# [DATA]
^^^^^^^^^^^^^^^^

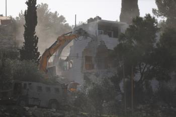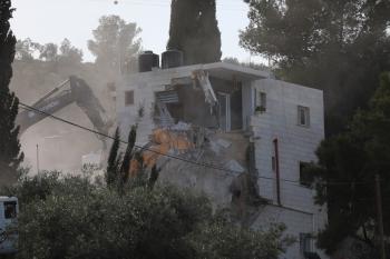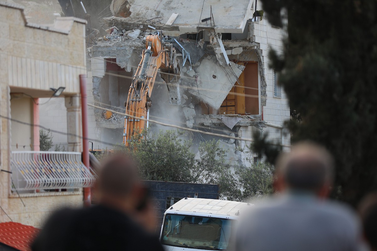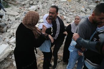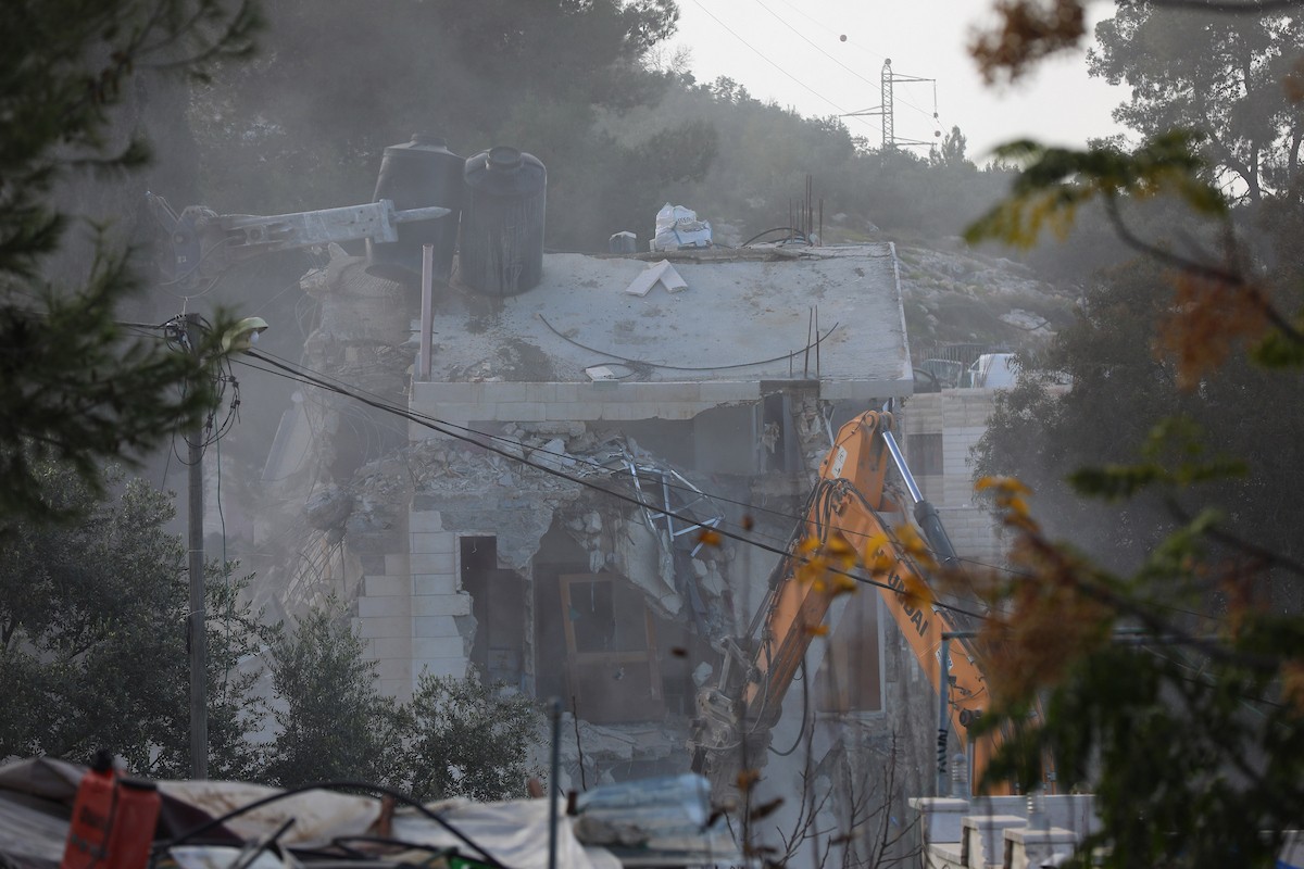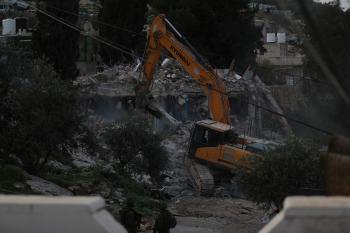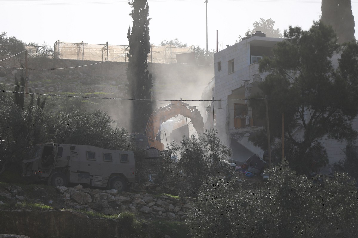 ردود فعل فلسطينية بعد أن هدمت القوات الإسرائيلية منزلاً فلسطينياً من ثلاثة طوابق بحجة عدم وجود رخصة بناء، في بلدة ترقوميا ، شمال غرب الخليل، بالضفة الغربية، في الأول من فبراير/شباط 2026. (صورة: مأمون وزواز)
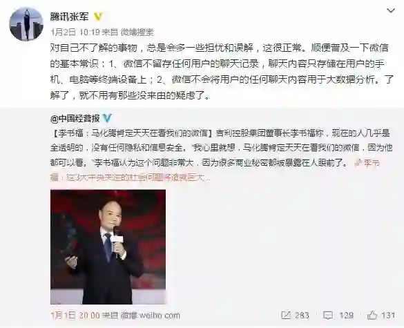 “马化腾他肯定天天在看我们的微信”——在 2018 正和岛新年论坛上,浙江吉利控股集团董事长李书福谈到隐私和信息安全话题时如是说。舆论哗然之下,业界纷纷表示细思恐极。
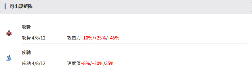 对于需要输出能力而言的金狮子搭配是可以提升整体作战效果的,所以即使是作为目前的输出智壳,大家一定要注意他的能力,如果前期没有搭配起来的话,一定要利用源器来进行补充,因为游戏当中一直是有两个核心的,这里虽然以智壳为核心的情况下,但是同时源器也是可以来补足很多的能力效果,这个目前带的矩阵效果一般来说都是固定的,大家拿到金狮子之后,一般固定带的矩阵就是乘势追击和暴烈利刃,还有疾驰这3个矩阵效果带来的效果都是各3点的提升能力,还有不够的数值大家就只能依靠元气来凑,剩下需要的一些点数,才能把这里需要的17点给用了,像爆裂利刃,这里的核心基本效果如果单靠源器来凑的话,最多是凑三点的。
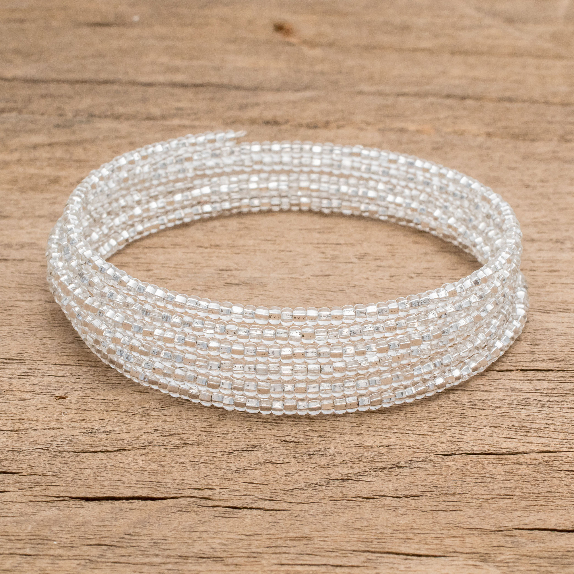 Evoking the brilliance of the moon, this wrap bracelet is created by Guatemalan artisan Mirian Zet. She selects petite beads of clear glass that circle the wrist several times.
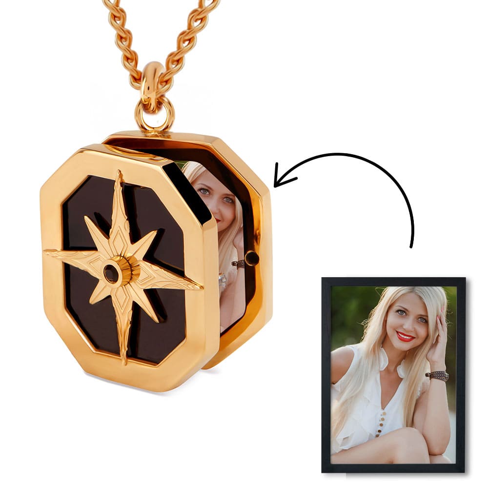 Für Herren: Fotomedaillon-Halskette "Kompass"
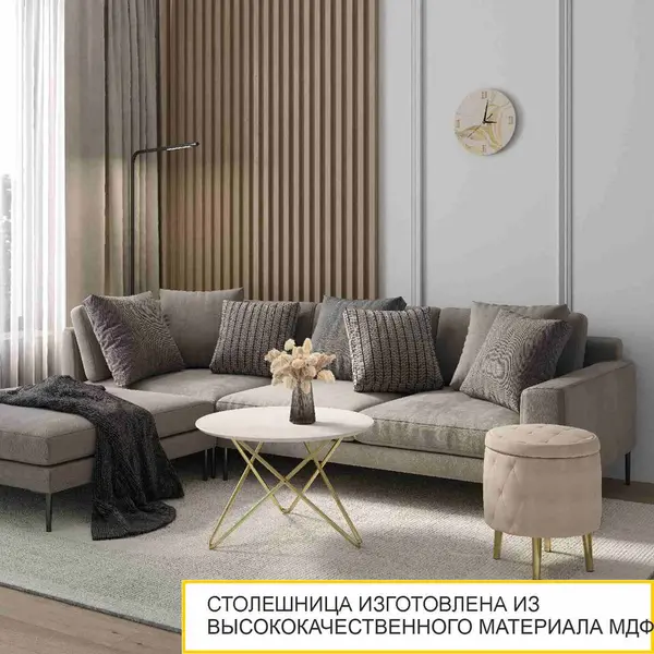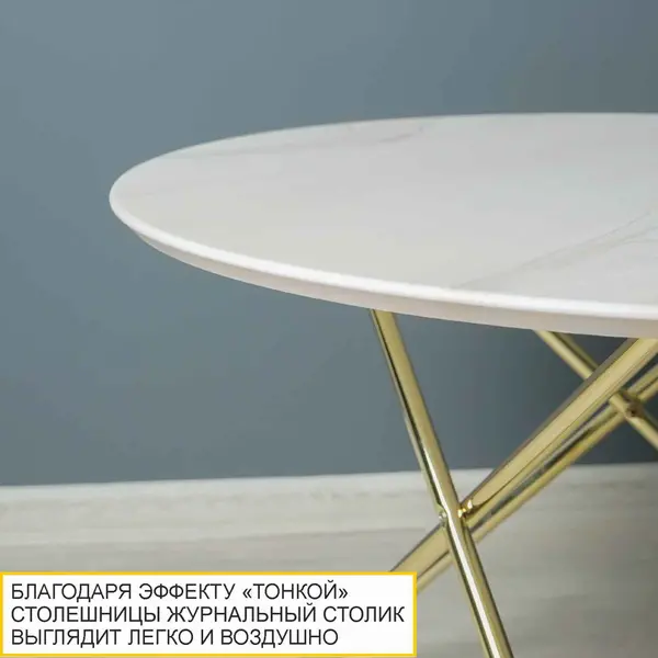 Журнальный столик выполнен в эффектном сочетании природного белого "мрамора" и "золотых" опор. Они придают столу неповторимый образ, который будет ярким акцентом в интерьере.

^^^^^^^^^^^^^^^^

# [WORK ORDER]
The line containing "对于需要输出能力而言的金狮子" marks where the copy ends; print every line before it from the start of the records, and that line too, but no pictures.

# [RESULT FOR THIS EXERCISE]
 ردود فعل فلسطينية بعد أن هدمت القوات الإسرائيلية منزلاً فلسطينياً من ثلاثة طوابق بحجة عدم وجود رخصة بناء، في بلدة ترقوميا ، شمال غرب الخليل، بالضفة الغربية، في الأول من فبراير/شباط 2026. (صورة: مأمون وزواز)
 “马化腾他肯定天天在看我们的微信”——在 2018 正和岛新年论坛上,浙江吉利控股集团董事长李书福谈到隐私和信息安全话题时如是说。舆论哗然之下,业界纷纷表示细思恐极。
 对于需要输出能力而言的金狮子搭配是可以提升整体作战效果的,所以即使是作为目前的输出智壳,大家一定要注意他的能力,如果前期没有搭配起来的话,一定要利用源器来进行补充,因为游戏当中一直是有两个核心的,这里虽然以智壳为核心的情况下,但是同时源器也是可以来补足很多的能力效果,这个目前带的矩阵效果一般来说都是固定的,大家拿到金狮子之后,一般固定带的矩阵就是乘势追击和暴烈利刃,还有疾驰这3个矩阵效果带来的效果都是各3点的提升能力,还有不够的数值大家就只能依靠元气来凑,剩下需要的一些点数,才能把这里需要的17点给用了,像爆裂利刃,这里的核心基本效果如果单靠源器来凑的话,最多是凑三点的。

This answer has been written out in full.